Postgres doesn’t have a built-in pivot table feature, but they are relatively easy to construct.
Let’s say you have a table of users, and a table of events, and want to make a pivot table that shows how often each event occurred.
create table users (name varchar);
insert into users ('gary');
insert into users ('melissa');
insert into users ('ella');
insert into users ('chloe');
create table events (user_name varchar, event varchar);
insert
into events (user_name, event)
values ('gary', 'event_1');
insert
into events (user_name, event)
values ('gary', 'event_1');
insert
into events (user_name, event)
values ('gary', 'event_2');
insert
into events (user_name, event)
values ('melissa', 'event_2');
insert
into events (user_name, event)
values ('ella', 'event_1');
The pivot table output should look like this:
user event_1 event 2 gary 2 1 melissa 0 2 ella 1 0 ziti 0 0
You can get counts easily enough, but the “0” records will drop out, which is a bit of a pain:
select
user_name,
event,
count(*) event_count
from events
group by 1, 2
What we really want is a list of all combinations of users and events, combined with their counts. Normally you don’t do things like this, but this can be obtained with a cartesian join.
You’ll want to make sure to itemize the names (don’t use select *) – this will help with the next step.

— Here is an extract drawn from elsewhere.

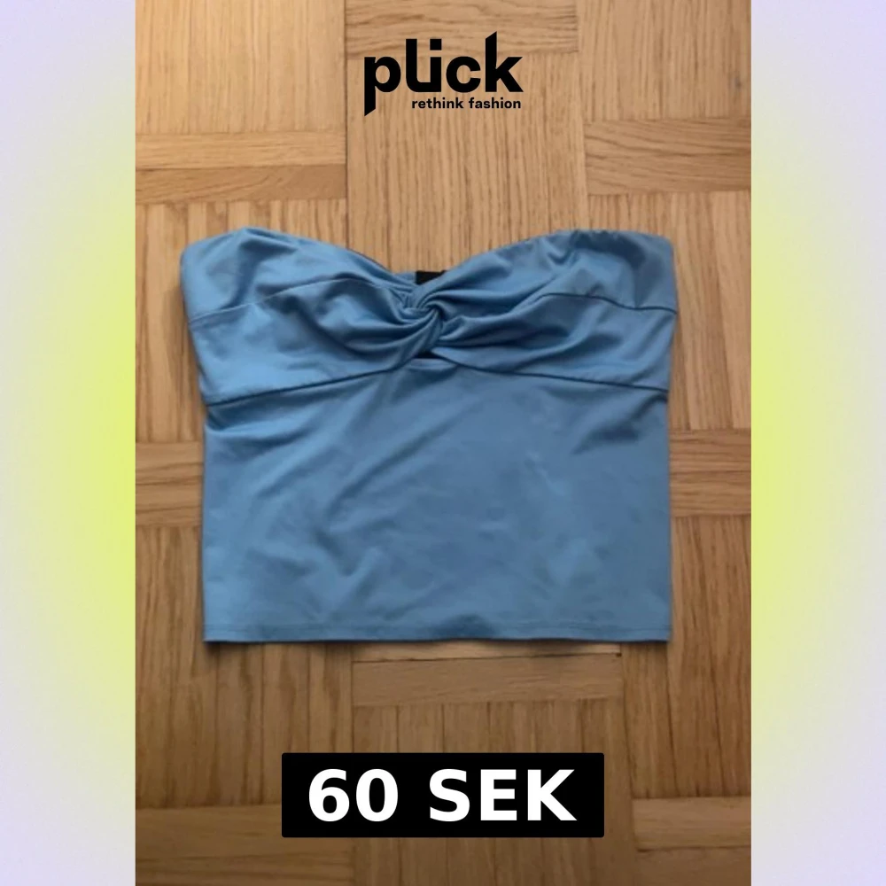 Säljer en ljusblå bandeau tubtopp från Bik Bok i storlek L. Toppen har en snygg twistad detalj framtill och är axelbandslös med smockad baksida för extra komfort. Perfekt för varma dagar och sommarhäng.

select users.name, event_list.event
from users
join (
select distinct event
from events
) as event_list on 1=1
The above query gives us the following data:
gary event_2 gary event_1 melissa event_2 melissa event_1 ella event_2 ella event_1 chloe event_2 chloe event_1
If you have a static list of events, you can also join to it directly:
select users.name, event_list.event
from users
join (
select unnest(array['event_1', 'event_2']) event
) as event_list on 1=1
Now that we have this, we can join it back to the count data:
select
users.name,
event_list.event,
coalesce(event_count, 0) event_count
from users
join (
select distinct event
from events
) as event_list on 1=1
left join (
select
user_name,
event,
count(*) event_count
from events
group by 1, 2
) counts on counts.user_name = users.name
and counts.event = event_list.event
This new dataset is much better, as it includes every possible cell that we would want in the pivot table:
name event event_count gary event_1 2 gary event_2 1 melissa event_1 0 melissa event_2 1 ella event_1 1 ella event_2 0 chloe event_1 0 chloe event_2 0
To get these all into one row, we can wrap this in array aggregation. Note that the values in the arrays need to be sorted by the event type, or else each record will get counts in a different order.
select
name,
array_agg(event order by event) events,
array_agg(event_count order by event) counts
from (
...
) aggregated_date
group by name
This returns:
name events counts chloe {"event 1","event 2"} {0,0} ella {"event 1","event 2"} {1,0} gary {"event 1","event 2"} {2,1} melissa {"event 1","event 2"} {0,1}
Now getting pivot table data is easy through array indexing. Note that Postgres arrays start at 1 (!), and obviously this solution won’t help you if you have an indeterminite number of events.
select
name,
counts[1] as event_1,
counts[2] as event_2
from (
...
) pivot_data
name event_1 event_2 chloe 0 0 ella 1 0 gary 2 1 melissa 0 1
If you’re following along at home, here is the final result:
-- Create pivot table
select
name,
counts[1] as event_1,
counts[2] as event_2
from (
-- Combine all the counts into one row per user
select
name,
array_agg(event order by event) events,
array_agg(event_count order by event) counts
from (
-- Create counts of "0" for events that haven't occurred
select
users.name,
event_list.event,
coalesce(event_count, 0) event_count
from users
join (
-- Compute the full list of events
select distinct event
from events
) as event_list on 1 = 1
left join (
-- Compute how often each event happened per user
select
user_name,
event,
count(*) as event_count
from events
group by 1, 2
) counts
on counts.user_name = users.name
and counts.event = event_list.event
) aggregated_date
group by name
) pivot_data
order by name
Since 9.1 version you can use tablefunc extension http://www.postgresql.org/docs/9.1/static/tablefunc.html
CREATE EXTENSION tablefunc;
SELECT * from crosstab(‘ select distinct users.name,events.event,count(event) OVER (PARTITION BY event,name) from users left join events on name=user_name order by 1,2 ‘ ) AS ct(user_name varchar, event_1 int8, event_2 int8);
user_name | event_1 | event_2
———–+———+———
chloe | 0 |
ella | 1 |
gary | 2 | 1
melissa | 1 |
ziti | 0 |
(5 rows)
I did see that, but I like this method because you an option in a production environment that doesn’t require changing anything.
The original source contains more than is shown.